He said many want to eliminate a stressful commute.

“For others, working from home, even one or two days a week, can be the make or break of being able to stay in their job,” he added.


It can require self-discipline not to play with your pets all day. Photo: Getty

However for some people the reality of working from home does not match the dream, said Mr Deligiannis.

“Some home workers feel isolated from their team and colleagues, and it takes self-discipline in order to get through a to-do list rather than take the dog for a walk.”

Emma Wilson, a former business manager with the Queensland government, said deciding to work from home was the best decision she’s ever made.

In the end, quitting her well-paid job after 10 years boiled down to much more than money.

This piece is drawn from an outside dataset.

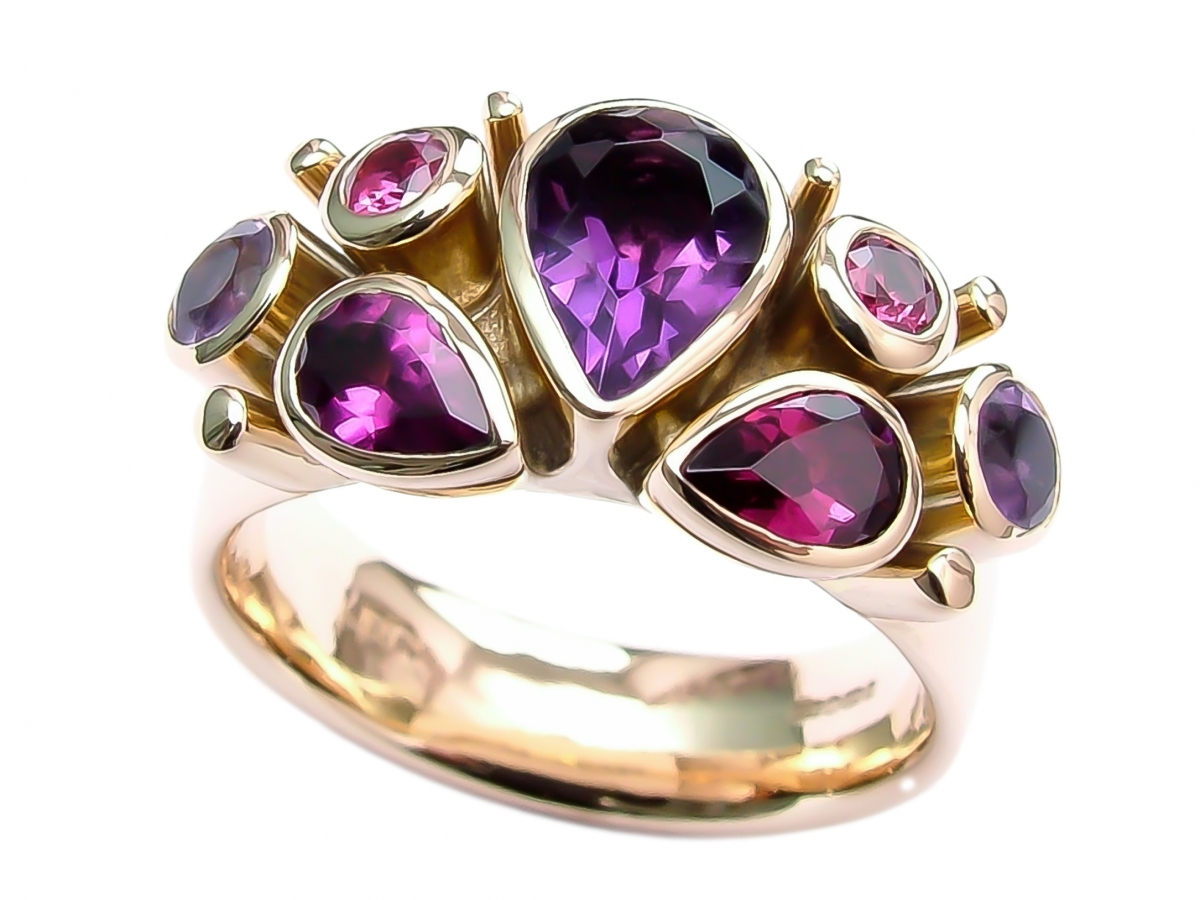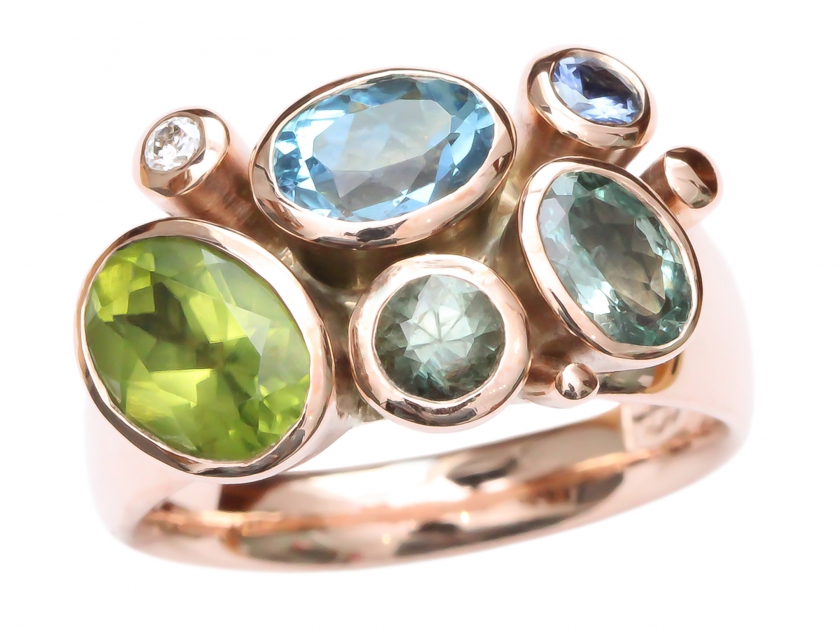 As a self-taught Goldsmith, with now more than 25 years at the bench, Helen’s mixed-media background allows her to approach jewellery design from a somewhat unorthodox perspective. Preferring to explore new designs in the workshop, rather than in a sketchbook, she is usually inspired by a particular gemstone or setting which becomes the feature of each piece of jewellery.

“The money was great but there was no job satisfaction. I wasn’t enjoying what I was doing,” she said.

Ms Wilson now runs a remote secretarial services business from home and hasn’t looked back.

As a self-proclaimed introvert, she said loneliness hasn’t been a problem. But sometimes keeping the work/life balance in check is a challenge.

“It can be all-encompassing – you have to make time to have a life,” she said.

About nine years on, Ms Wilson has just matched her former salary.

Others, such as Eugenie Pepper, who co-owns babywear business Plum, say working from home has both benefits and challenges.

While the business has its own offices, she mostly chooses to work from home for the flexibility, and to allow her to juggle her children and work.

“The benefits are I don’t have to dress up for work, I don’t have to commute and I can work my own hours,” said Ms Pepper.

“I can take time out to be there if my kids need me and I can work at night once my kids go to bed.”


For some people, quitting the office comes down to more than just money. Photo: Getty

But she admitted it can be difficult to stay motivated.

“If I have tedious tasks that I just can’t face I occasionally go into the office to get them done as I really go into the flow much easier at work in the office environment with less things to distract me – like cleaning the house.”

Freelance writer Amelia Barnes arguably has the best of both worlds. She works in the office with a PR agency two days a week, and spends the other three days freelance writing from home.

Ms Barnes said she originally took the office job for the security of a guaranteed income, but now enjoys the interaction and sense of camaraderie with her workmates.

“My freelance work is now quite stable, so the main reason I keep both jobs is for the balance, rather than any financial gain,” she said.

“I’m also quite a homebody and introverted person by nature, so unless I’m forced to leave the house I’m likely to spend the whole day without speaking to anyone.”

Jay Chubb, owner of Melbourne’s Nest Coworking, said the movement towards working from home hasn’t created the productivity boom that many expected.

“The isolation leads people to seek connection online, and end up on Facebook too much,” he said.

Mr Chubb said the number of coworking spaces across the world has almost doubled in the past two years, and there are more small business owners, freelancers and digital knowledge workers than ever.

“The workforce is changing, even companies these days understand that productivity is an individual thing for many workers. Flexibility is functional,” he said.